Sunday Blog, 11 September 2022
LBE PANR 88E CHAR IGAS ANGS AEX SCIR WEN KIST SQZ
Catching up on the past two weeks, Longboat Energy (LBE) announced the commencement of drilling operations on the Copernicus exploration well, offshore Norway, which is expected to take up to eight weeks to drill. This is the second of three fully-funded, gas-focused exploration wells, with the drilling of the Oswig well, the first well in the series, also currently underway. The company’s pitch is that the programme offers shareholders a “unique” opportunity to gain gas weighted drilling exposure, targeting a net mean prospective resource potential of 70 million barrels of oil equivalent, with an upside case of 142 million barrels of oil equivalent.
Pantheon Resources (PANR) announced an operational and corporate update. The rig used to drill the Alkaid #2 well has been demobilised, and wireline and completion equipment is now on location where completion operations have commenced. The well will be perforated, stimulated and plugged off in sections, prior to the commencement of flow testing expected in early October. In anticipation of success (or to ramp the share price further, depending upon your perspective), the company says it has upgraded the capacity of the production facilities currently enroute to the North Slope, increasing capacity to process oil production from multiple wells.
Next door neighbour 88 Energy (88E) announced the selection of the drilling location for its first half 2023 exploration well, Hickory-1. The well will test the reservoir units which are interpreted to extend from Pantheon Resources' acreage onto 88 Energy’s acreage. Planning and permitting for drilling of the Hickory-1 well has commenced. The location is adjacent to the Trans Alaskan oil pipeline route and the Dalton Highway, the main north-south all-weather road. Regardless of drill success, if you understand the exact timing with 88E (explained several times in the private blog, since it does this virtually every year) the share price is invariably good for a 100% run.

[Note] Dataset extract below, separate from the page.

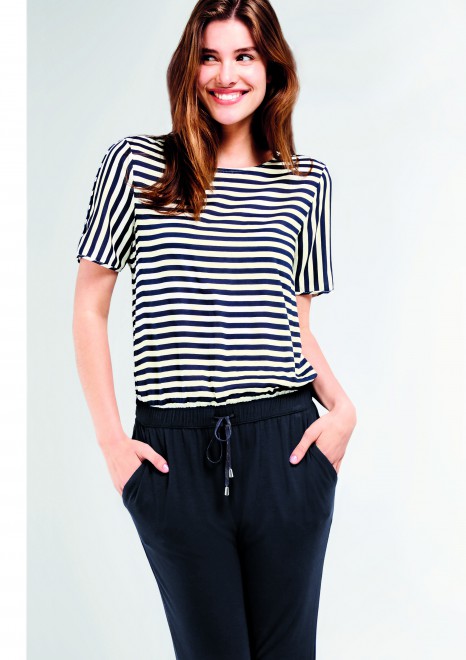 Kolekcija “s.Oliver STRIPE HYPE” je, kot že samo ime pove, črtasta. Modro-bela kombinacija črt nas popelje v prihajajoči čas poletja. Nekoč smo temu rekli mornarski stil. Novost je, da se črte lahko kombinirajo s črtasti. Tako ustvarimo nov, svež videz. Črtaste majice in topi se najlepše kombinirajo s svetlimi ali belimi jeans hlačami.

Chariot (CHAR) announced that it has signed a pipeline tie-in agreement with the Office National des Hydrocarbures et des Mines securing access to the Maghreb Europe gas pipeline in Morocco. The pipeline runs from eastern Morocco through to Tangiers in the north and subsequently across to Spain, enabling the gas produced from the Anchois gas project, offshore Morocco, to be transported via the pipeline to different potential offtakers, making Anchois a highly strategic asset given the continued volatility of global energy markets. Chariot was covered in the private blog from as low as 5p. It’s now nearly four times that price at 19.6p.
IGas Energy (IGAS) issued a response to the Government statement regarding the shale moratorium. The company says it has always believed that the science, as well as the need for increased domestic production of gas, supports a lifting of the moratorium. It states that the data it has collected in the Gainsborough Trough over the past five years shows that it has a world class shale gas resource which is now, given the energy crisis, a strategic national asset and, given the heightened world challenges, the need for the UK to secure further indigenous supplies of energy to reduce its reliance on imports and reduce spiralling energy prices is evident.
Angus Energy (ANGS) announced Saltfleetby flow rates: from well A4 of 4 million cubic feet of gas per day and over 4.5 million cubic feet of gas per day from well B2. Current capacity to process gas is 4.6 million cubic feet per day and the aim is to raise this process capacity, such that in the coming days the plant will reach a minimum steady state of 5.5 million cubic feet of gas per day, which would meet the company's hedge obligations for the fourth quarter. Stabilised condensate production also has started at around 50 barrels per day. Meanwhile, Krzysztof Zielicki, ex BP and Rosneft and Richard Herbert, ex BP and Frontera, have been appointed to the board.
Aminex (AEX) and Scirocco Energy (SCIR) issued Ruvuma updates. Over half of the seismic data has been acquired at Ntorya and the data required to evaluate the drilling location is expected mid-September. The full programme is anticipated to be completed by mid-October. It’s all academic for Scirocco, which the day before announced that the sale of its interest to ARA Petroleum Tanzania was proceeding following exercise of pre-emption rights and the initial planned sale to Wentworth Resources (WEN) was firmly cancelled. Meanwhile, and in relation to many other matters too, disgruntled shareholders have requisitioned a general meeting.
Finally, Kistos (KIST) announced interim results for the six months to 30 June and Serica Energy (SQZ) announced notification of its interim results for later this month. Kistos pro forma EBITDA for the six million period was €261.0 million, which compares favourably to a market capitalisation of £481 million. The offer by Kistos for Serica is no longer happening, but both companies’ share prices have moved higher since that announcement was made, with KIST closing on Friday at 580p and SQZ at 390p. As mentioned in the blog a few issues ago (with a Tweet from 2015 displayed) I first bought SQZ at under 5p a share. It just shows what potential is out there.